Several of you have asked about heart-healthy and gluten free recipes. As I was de-stressing this past weekend, I decided to make a homemade, heart-healthy pie crust that’s gluten free, too.
Besides embracing many of the tactics in my reducing stress blog post, I also de-stress by cooking or baking. I’ve done this since I was nine years old when I started making recipes from my mom’s Betty Crocker cookbook. Later, when I majored in Nutrition for undergraduate studies, I took several food labs that focused on food science. The net result is that I’m always experimenting in the kitchen with freestyle cooking or recipe makeovers.
The Heart-Healthy Pie Crust Makeover
Here’s a confession: I’ve never been a great at making pie crusts. I still remember family jokes about needing an axe to cut my brick-like homemade pie crust.
Fast forward to today, and I’ve solved that problem. There is no issue with overmixing or overworking the dough because this pie crust makeover doesn’t use traditional ingredients, and it doesn’t require a rolling pin. Or a pastry board. Or any other trick that you’ve learned along the way.

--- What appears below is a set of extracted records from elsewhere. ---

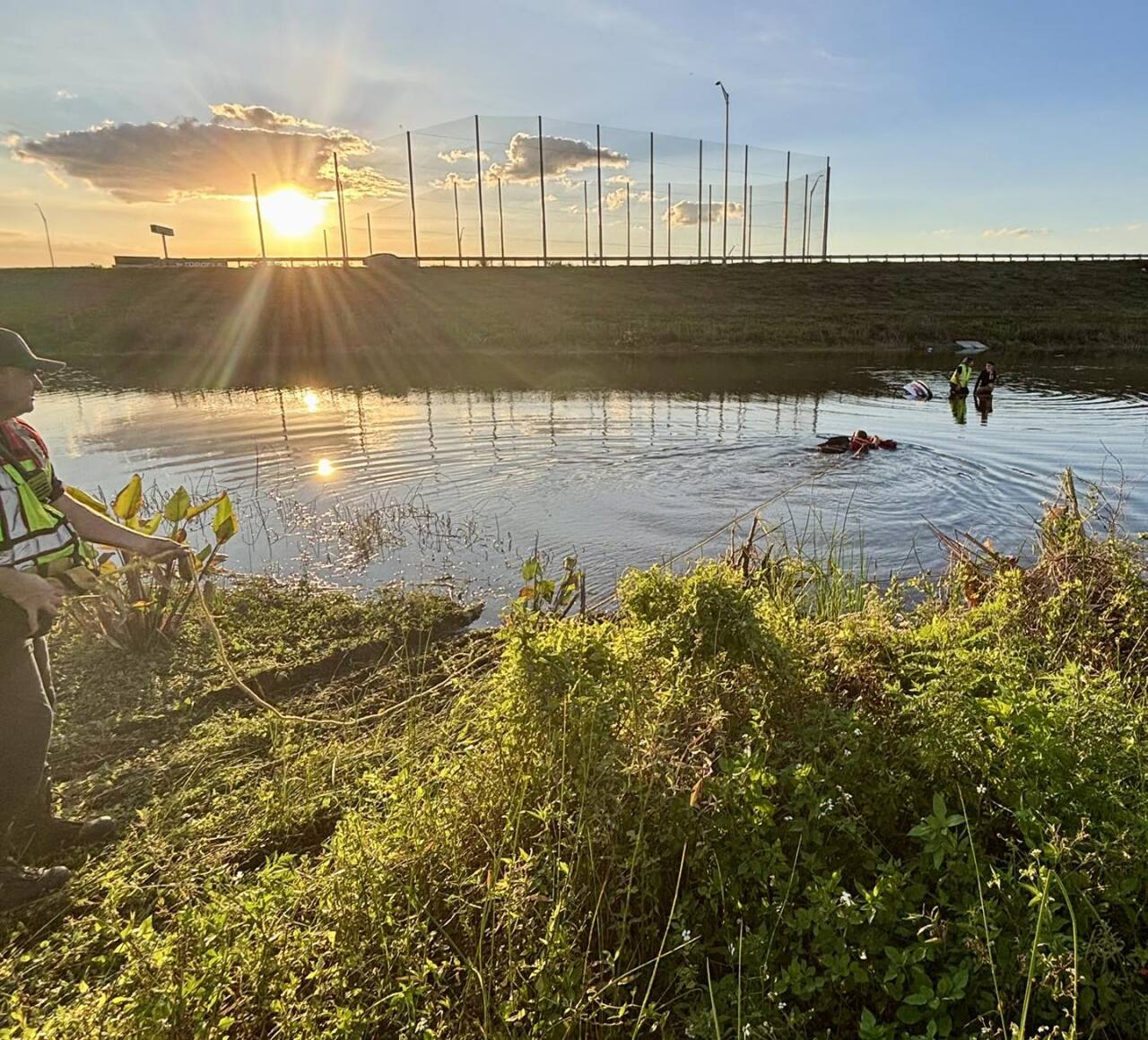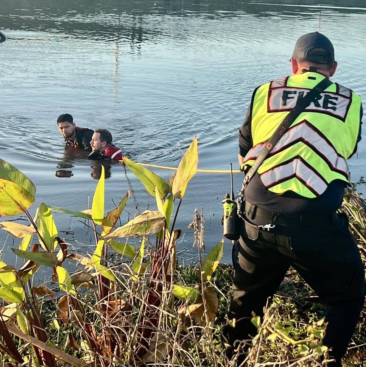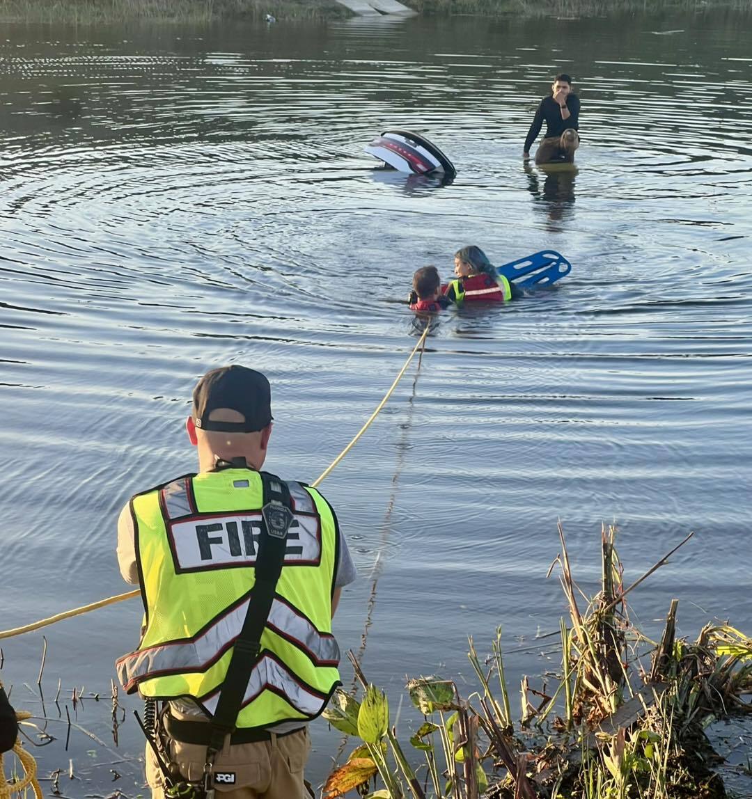 South Trail Fire Rescue said it responded to the single-vehicle crash around 5:04 p.m. Both occupants managed to escape the sinking car and climbed on top of the vehicle while it remained partially submerged in the water.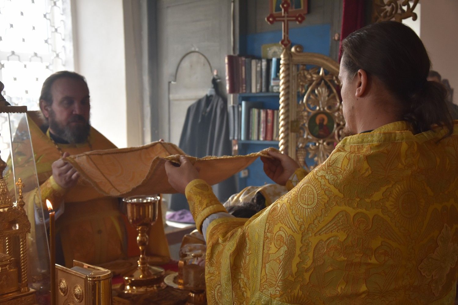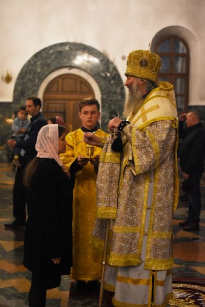 Владыке сослужили: ключарь собора протоиерей Сергий Поглазов, клирики собора иереи Евгений Самойлов, Артемий Промович, Никифор Захаров, диакон Игорь Коваль и клирик храма Рождества Пресвятой Богородицы села Семеновка протодиакон Михаил Козловский.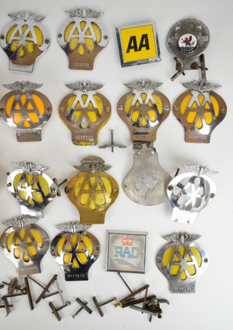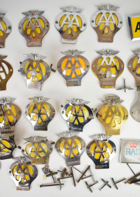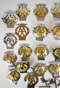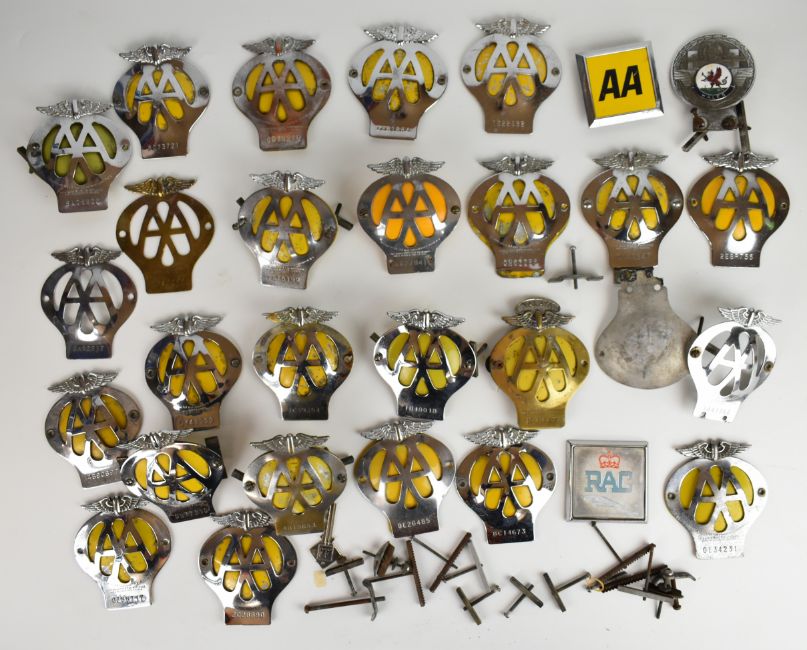 Twenty six AA car badges to include a Malaya example, together with an AA key, RAC badge and a Wales St. Christopher car badge with enamel decoration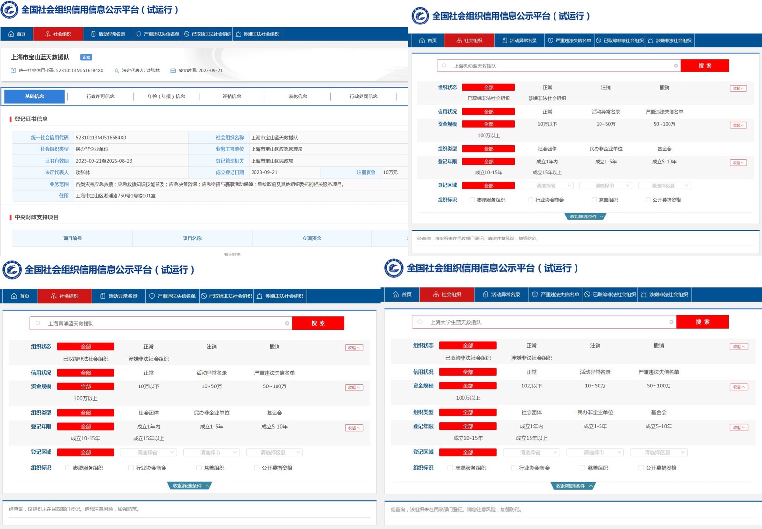 中新網(wǎng)查詢(xún)?nèi)珖?guó)社會(huì)組織信用信息公示平臺(tái)發(fā)現(xiàn),上海市寶山藍(lán)天救援隊(duì)成立登記日期為2023年9月21日,系民辦非企業(yè)單位,業(yè)務(wù)主管單位為上海市寶山區(qū)應(yīng)急管理局。其余3個(gè)組織顯示為“該組織未在民政部門(mén)登記,請(qǐng)您注意風(fēng)險(xiǎn),加強(qiáng)防范”。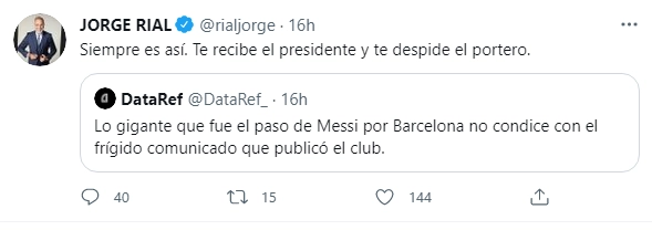 En su cuenta oficial de Twitter escribió: "Siempre es así. Te recibe el presidente y te despide el portero", comparando así su salida del canal con el que trabajó dos décadas, con la del jugador, utilizando la frase la misma frase con la que describió su salida en aquella oportunidad.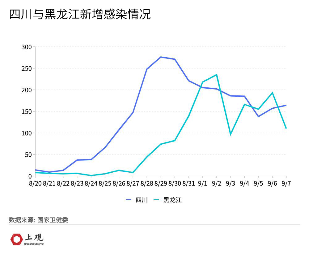 四川省的累计感染人数紧跟在西藏之后,已超过千例,黑龙江省的累计感染人数同样是紧跟在西藏之后,也已超过千例,四川疫情主要集中于成都市,截止到8日中午,该市仍然存在上千例现存感染者,社会面传播风险没能完全消除,黑龙江的疫情集中在大庆市,是由输入病例引发的,涉及服务行业人员,已在局部区域形成传播。
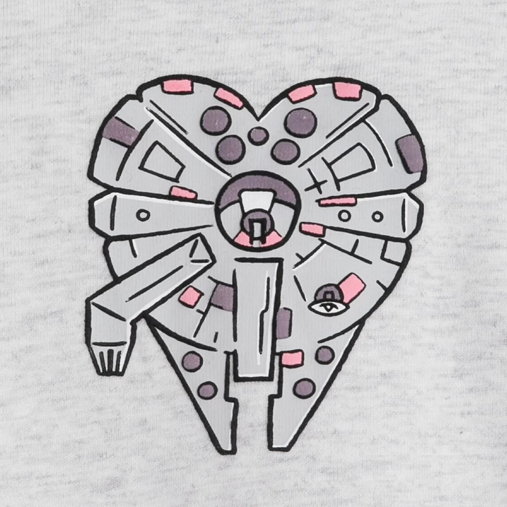 - Puffy ink heart-shaped Millennium Falcon on chest

Instead of white flour, butter, and/or lard, I use heart-healthy ingredients: nuts, oats, extra virgin olive oil, and dates.
After mixing all the ingredients together, just place the dough in your glass pie plate, and use your hands to form the crust all around. If you were into playdough as a child, you’ll love this.
Here’s the equipment you’ll need:
- 14-cup food processor
- 9.5” glass (Pyrex®) pie plate. Mine looks like this. I’ve experimented with several different pie plates and glass is the winner. It’s sturdy, it bakes evenly, and I’ve never had an issue with a soggy or sticky crust.
- Pie crust shield – protects the outer edge of the crust from getting too brown or from burning. I use one that looks like this. An alternative to buying a pie crust shield is to create your own from aluminum foil like this.
Ingredients for a Heart-Healthy Pie Crust
- 1 ¾ cup pecans
- 1 ¾ cup organic oats (not instant oats, gluten free – if needed)
- 6 Medjool dates, medium to large size (don’t use Neglet Noor dates)*
- 4 tablespoons extra virgin olive oil, good quality
- ¼ cup golden flaxseed meal
- ¼ tsp. salt
- 2 tablespoons cold water
*Purchase fresh, good quality Medjool dates. They are naturally sweet, and a good source of fiber, healthy nutrients, and antioxidants that may protect your heart.
Rinse the dates, pat dry, and remove the pits. Blend the pitted dates in the food processor to form a date paste.
Next, add the pecans and oats to the food processor. Mix/process all together. If necessary, turn off the processor and remove the plug. Use a spatula to unstick the dates from the side of the food processor.
Add the flaxseed meal and salt. Mix all together.
Add the oil, and 2 tablespoons of water. Mix to form a dough. See picture above.
Place the dough in your glass pie plate.
Using your hands, evenly distribute the dough, making sure to move the dough up the sides of the glass plate.
That’s it. You don’t need to prebake. This crust works well with pies that have a creamy filling like pumpkin or chocolate, or one-crust fruit pies like blueberry or strawberry.
Use a pie crust shield to protect the visible crust from getting too brown, especially if your pie needs to bake for more than 30 minutes.
The pie pictured below baked for 33 minutes without a pie shield; the edges definitely got a bit too brown.